To give the defenders more problems the forwards then attacked with three players. At first the defenders were a little tentative in reacting to the attackers gaining possession. Mark had to stress that the nearest defender to the forward gaining possession must be the one to close down. That defender must go at pace and put the ball under pressure. But he must slow down just as he arrives in pressuring mode.

It was now that Mark really stressed the massive importance of communication when defending. The information has to come from the defenders behind the pressurising player. One player presses but the other three react. Mark pulled up one defender for ball watching and letting a runner go instead of following him because he had taken his eye off him. Mark said to this player that if his immediate opponent did not have the ball then you’ve got to be in control by communication  and telling the pressurising player to show his opponent either left or right.

Mark looked at the back 4 as a collective group and he said that they were tending to run around everywhere. It was vital that they should retain their shape and discipline and one player had to take responsibility to call “shape”   to get everyone in position and maintaining a good line. The idea was to be in a line and close together. Because he had not coached these players before and some were not even defenders, even if they did not yet really understand their roles they had to be positive and keep on the front foot. He explained to the players that if they forced the forwards to pass the ball back then they must use that as a trigger to move forward, forcing the attackers back and staying on the front foot. They were maintaining a positive mind-set.

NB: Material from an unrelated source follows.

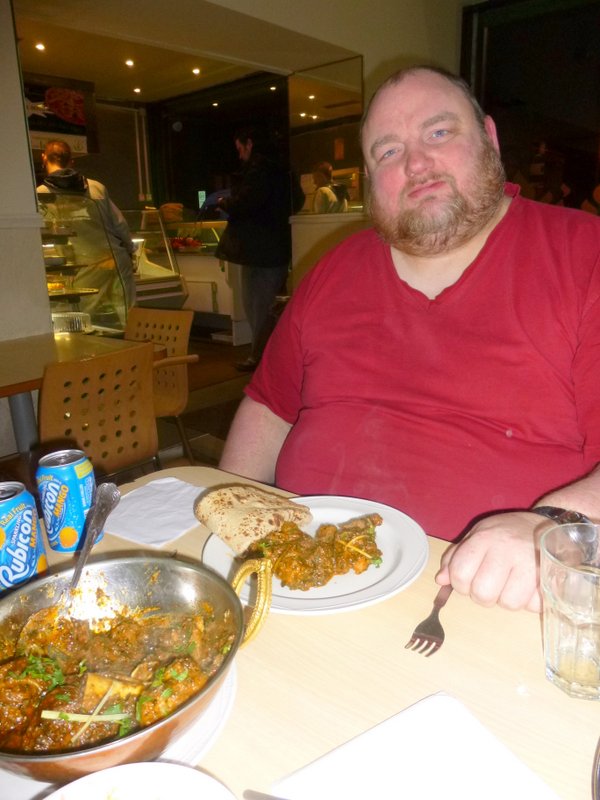 As reported on Saturday, tonight’s Curry Extravaganza at Yadgar (148 Calder St., Govanhill, G42 7QP) was actually arranged towards the conclusion of our last Curry-Heute at The Village (129 Nelson Street, Tradeston, Glasgow G5 8BA). The request was placed with Mein Host, Shkoor, to Feed Five. No specific Food Order was placed – He knows You Know. Alas, Alistair has not recovered from yesterday, a day in the company of Ricky, The Man from Bradford. Fortunately Hector received this information at lunchtime today, enough time to prevent wastage.

Mark then structured the practice as a back 4 against 4 attackers with an additional attacker behind them in support. Mark picked up on a situation where the back 4 lost its shape when a forward got in behind the defence and the right back dropped back behind the defence to pick him up. But the defensive shape was lost and there had been no communication and the forward had been played onside. Mark stressed that the back 4 had to be a unit and they had to either all press or all drop. In this instance some had pressed but the right back had dropped and so chaos had resulted.  He made a point about when to play the offside game. He said only play offside when there is pressure on the ball, otherwise go with the runners.

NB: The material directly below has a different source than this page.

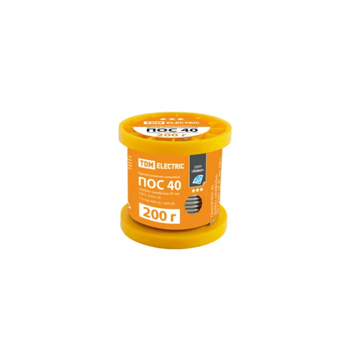 В нашем магазине Главэлектрика в Нижнем Новгороде, вы можете приобрести с доставкой по Нижнему Новгороду товар Припой ПОС 40, трубка с канифолью, ГОСТ 21931-76, Ø1 мм, 200 г, катушка, серия "Алмаз" TDM.

Mark’s explained that his last practice could easily have been done as the first because it was a basic 1 v 1 situation, with the defender defending his goal where there was a goalkeeper. Mark served the ball into a  forward and he had to take on the defender, try and go past him and score.  Mark explained the importance of observation when playing as a defender. In the first few minutes of a match, the defender must observe the favoured foot of his immediate opponent so that when confronted in this 1 v 1 situation he must try to force the forward onto his weaker foot. Mark also told the keeper to help his defender in the 1 v 1 duel by giving constant communication.

Mark had constantly referred back during the whole session to the massive importance of communication. It is clear that especially when coaching defenders this lack of positive and leadership-inclined players is having an enormously detrimental effect on our development of good, young players in these defensive positions. Mark echoed the present concern   that John Terry’s  leadership skills are being badly missed by our National Team.

It had been an excellent session and Mark had aimed it just right for coaches who are working at a whole cross section of levels as well as a whole variety of ages.